Compositional Data Analysis

Compositional Data Analysis PDF Author: Vera Pawlowsky-Glahn
Publisher: John Wiley & Sons
ISBN: 0470711353
Category : Mathematics
Languages : en
Pages : 405

Get Book Here

Book Description
It is difficult to imagine that the statistical analysis of compositional data has been a major issue of concern for more than 100 years. It is even more difficult to realize that so many statisticians and users of statistics are unaware of the particular problems affecting compositional data, as well as their solutions. The issue of ``spurious correlation'', as the situation was phrased by Karl Pearson back in 1897, affects all data that measures parts of some whole, such as percentages, proportions, ppm and ppb. Such measurements are present in all fields of science, ranging from geology, biology, environmental sciences, forensic sciences, medicine and hydrology. This book presents the history and development of compositional data analysis along with Aitchison's log-ratio approach. Compositional Data Analysis describes the state of the art both in theoretical fields as well as applications in the different fields of science. Key Features: Reflects the state-of-the-art in compositional data analysis. Gives an overview of the historical development of compositional data analysis, as well as basic concepts and procedures. Looks at advances in algebra and calculus on the simplex. Presents applications in different fields of science, including, genomics, ecology, biology, geochemistry, planetology, chemistry and economics. Explores connections to correspondence analysis and the Dirichlet distribution. Presents a summary of three available software packages for compositional data analysis. Supported by an accompanying website featuring R code. Applied scientists working on compositional data analysis in any field of science, both in academia and professionals will benefit from this book, along with graduate students in any field of science working with compositional data.
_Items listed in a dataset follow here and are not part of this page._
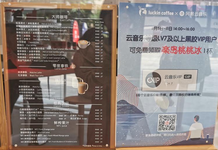 菜单和全国其他家瑞幸咖啡门店大致相同↓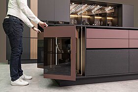 From ceiling-height furniture to small glass display elements – FurnSpin can bring rotation to everything. FurnSpin technology truly has the potential to change the world of furniture. The innovative FurnSpin fitting gets rid of old style formats and puts a creative new spin on furniture design. Open doors or flaps no longer get in the way – most of the cabinet body can now be moved with effortless ease. A stylish turn leaves furniture to reveal what's inside. Hiding everything from view again, a further spin returns furniture to its closed state. Remaining virtually hidden from view, the fitting comes with all the familiar user-friendly functions such as soft-closing or push-to-open, thus creating handleless furniture designs.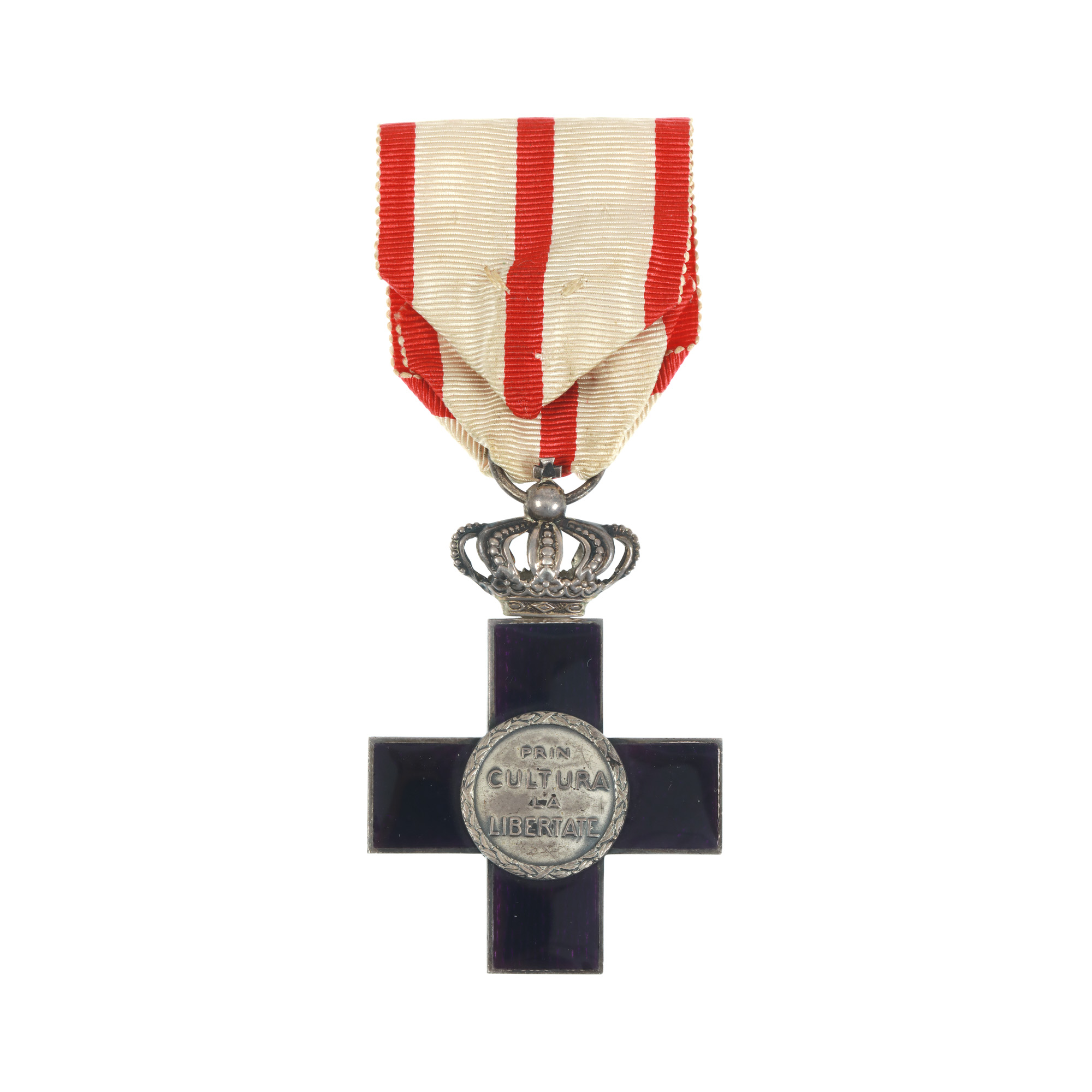 16. Ordinul "Meritul Cultural", model Carol II, cavaler 1, cu panglica pentru școală, manufactura Joseph Resch fiul, argint, perioada interbelică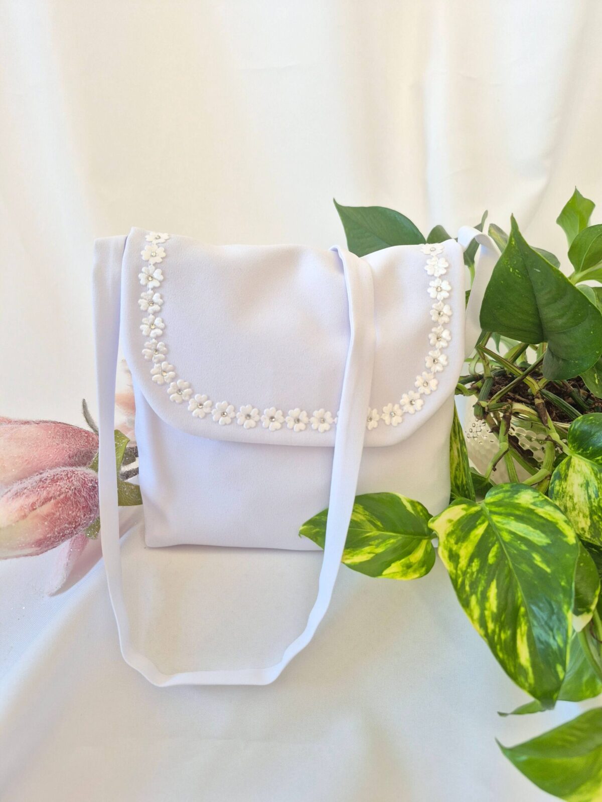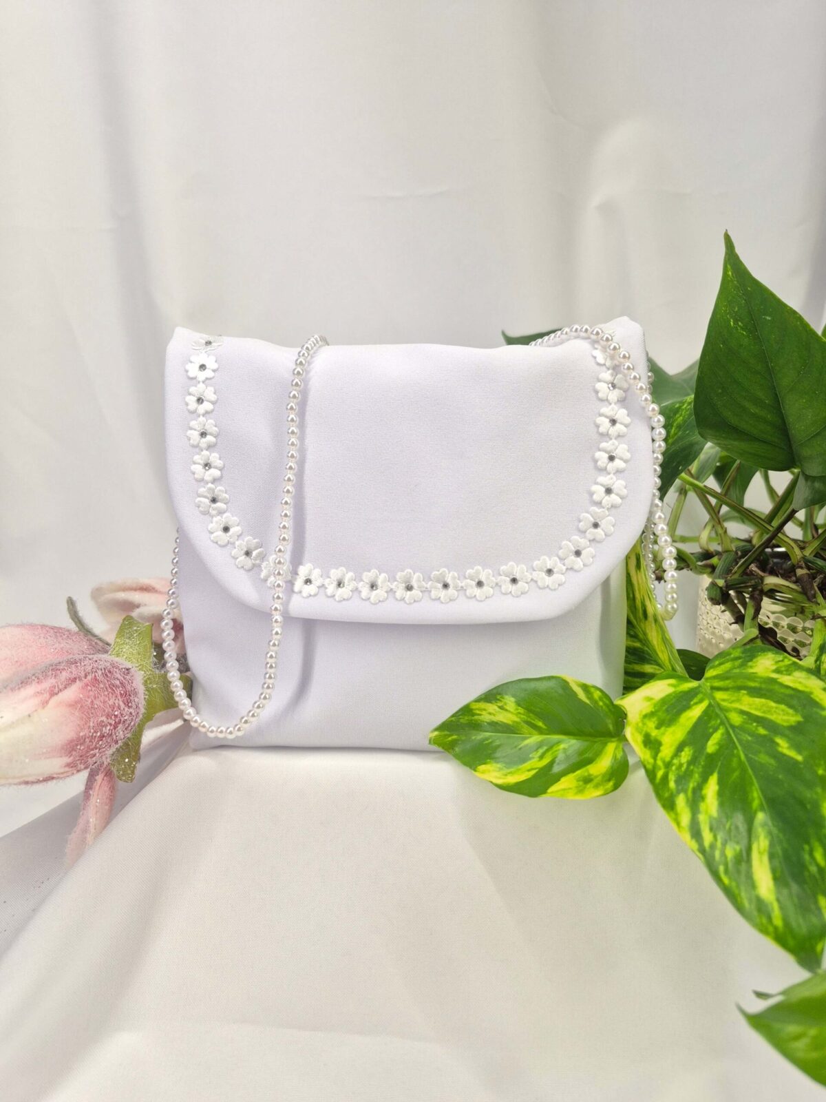 Torebka uszyta jest z tej samej tkaniny, co alba (tkanina stretch). Torebka pomieści książeczkę, chusteczki i różaniec oraz inne akcesoria.

Data Mining in Bioinformatics

Data Mining in Bioinformatics PDF Author: Jason T. L. Wang
Publisher: Springer Science & Business Media
ISBN: 9781852336714
Category : Computers
Languages : en
Pages : 356

Get Book Here

Book Description
Written especially for computer scientists, all necessary biology is explained. Presents new techniques on gene expression data mining, gene mapping for disease detection, and phylogenetic knowledge discovery.